Taking into account we have more than one driver for MySQL server, results may vary. After reading another performance test from MariaDB blog, I decided to test all three available drivers: ConnectorJ, MariaDB, and Drizzle, but when I started testing, I discovered that Drizzle doesn’t support streaming - so only ConnectorJ and MariaDB remained relevant.

For each driver, I ran two sets of tests: one for the default querying (.atOnce) and one for the streaming (.stream). Each set consisted of several test cases to query different amount of rows (via LIMIT clause); from 1 to 1000.
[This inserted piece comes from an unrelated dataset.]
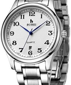 BUREI Hommes Femmes Quartz Montre Date Affichage Blanc/Noir Cadran avec Argent Acier Inoxydable Bande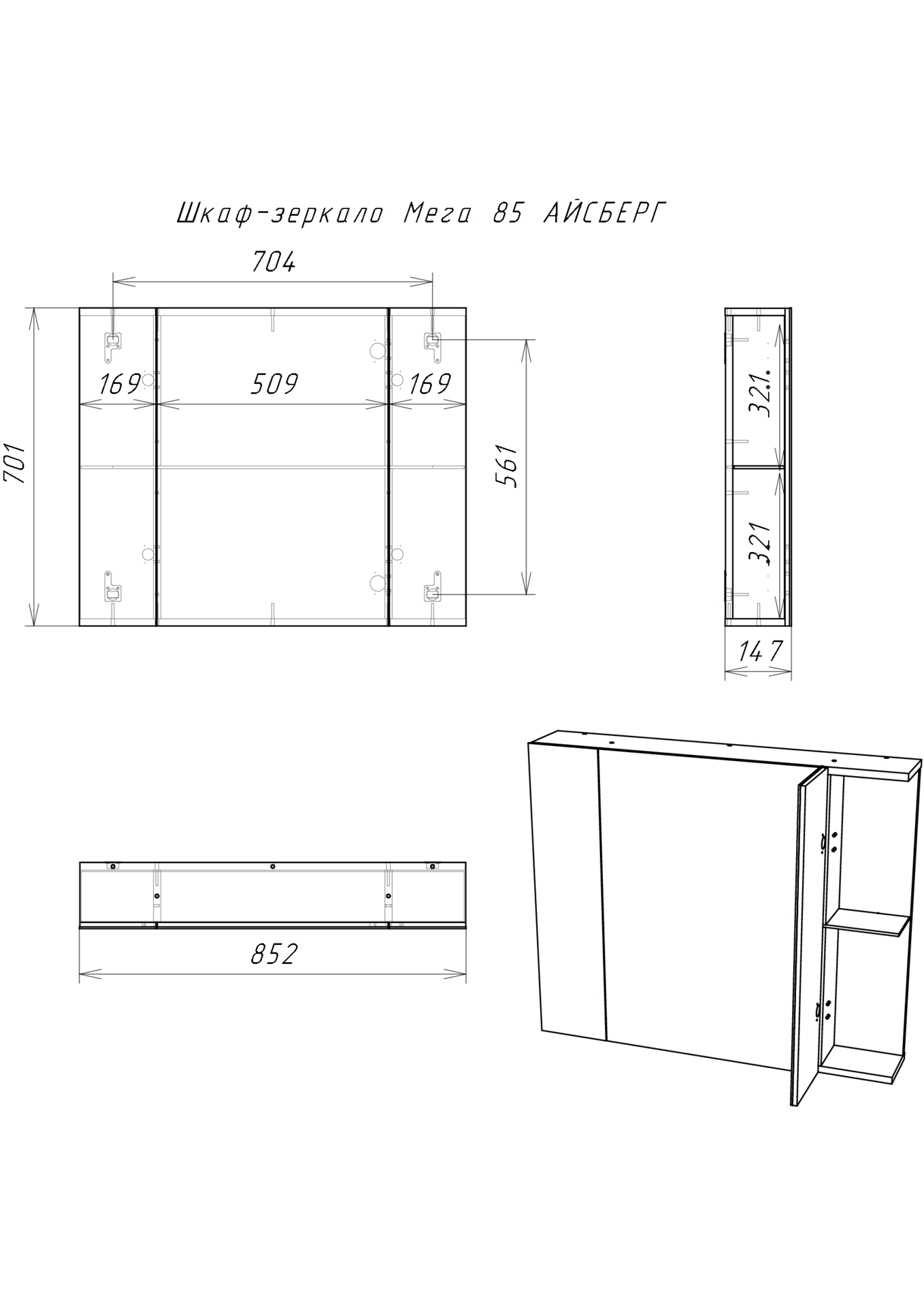 В серию МЕГА входят тумбы под умывальник от 75 см до 105 см в ширину. В серию вошли зеркальные шкафы от 75 см до 105 см. Завершает серию два пенала 25 см и 55 см шириной.

To check the network influence, I performed tests in three different configurations:

  • Benchmark and MySQL on the same server (local).
  • Benchmark and MySQL on different servers connected through Wi-Fi (wifi = simulation of a “slow” network with ping greater than a millisecond).
  • Benchmark and MySQL on different servers but connected through the wire (wire = fast network).

Results

Let’s take a look at the benchmark results.

Local

Times grows linearly with rows count. Apparently, there are no network problems - traffic on localhost is very fast.

Local|wide

Wi-Fi (slow network with latency)

Since the network is unpredictable, it’s hard to see any reasonable correlation between streaming and non-streaming. However, in general, times grows linearly as well.

wifi|wide

Wire

Here we see a stable difference between streaming and non-streaming. The performance of ConnectorJ’s atOnce is the best. The difference between streaming and non-streaming doesn’t seem to be significant. ConnectorJ’s difference for streaming decreases with more rows: from two times degrade with small amount of rows, to ten percent for hundreds of rows. Here we see a substantial difference between streaming and non-streaming.

In the case of MariaDB the difference is insignificant. We may see the difference between streaming and non-streaming decreasing from two times for small amount of rows to tens of percent for big amount of rows.

ConnectorJ’s non-streaming is slightly better than everything else.

wire|wide

You can play with charts here.

Conclusion

As expected, streaming performance has a strong correlation with network bandwidth and latency. In the case of a local MySQL installation, the difference is insignificant, and times grows linearly with the row count for both drivers. For slow networks, it’s harder to distinguish between streaming and non-streaming, since network latency is unpredictable. In fast networks, the difference could indeed reach up to twice as long - but it decreases with the row count.

So, if you have a local installation of a MySQL server or a powerful network between the application server and the MySQL server, then you may want to consider using streaming for your service from scratch. The difference in performance is not critical, plus you won’t need to worry about scaling so it won’t hurt your service reliability in the future.

Testing Environment (or, how I tested it)

If you, like me, are interested in reviewing the test environment, here are a few words on the matter: I used JMH tool for running benchmarks, and all the results are pretty reproducible. I ran JMH benchmarks from a laptop with i7 2.6 GHz (2 cores) and 16GB of RAM. For wire configuration, I used AWS cloud with two micro instances (one for the server, and one for JHM benchmark).

The use case for the event sourcing simulation is 1000 rows with unique ID’s and 200 bytes of payload (which is an average size for events that we have in projects at Wix).

To test the correctness of my benchmark I used an open source library wix-embedded-mysql. It is a highly useful tool that enables you not to think about MySQL server installation (it downloads, runs, and shutdowns a real MySQL server instance in your test).

You can check out my GitHub repo for more details.

Extra

What I decided not to put in the original post is one annoyingly strange graph that I got several times on a wire (like 2 or 3 times in a row). But then I failed to reproduce it (I tried many times), but without success. JFYI…

Weird case on wire

My only assumption here was that there was something really strange with network and MariaDB went mad, but then same thing we would see on Wi-Fi chart.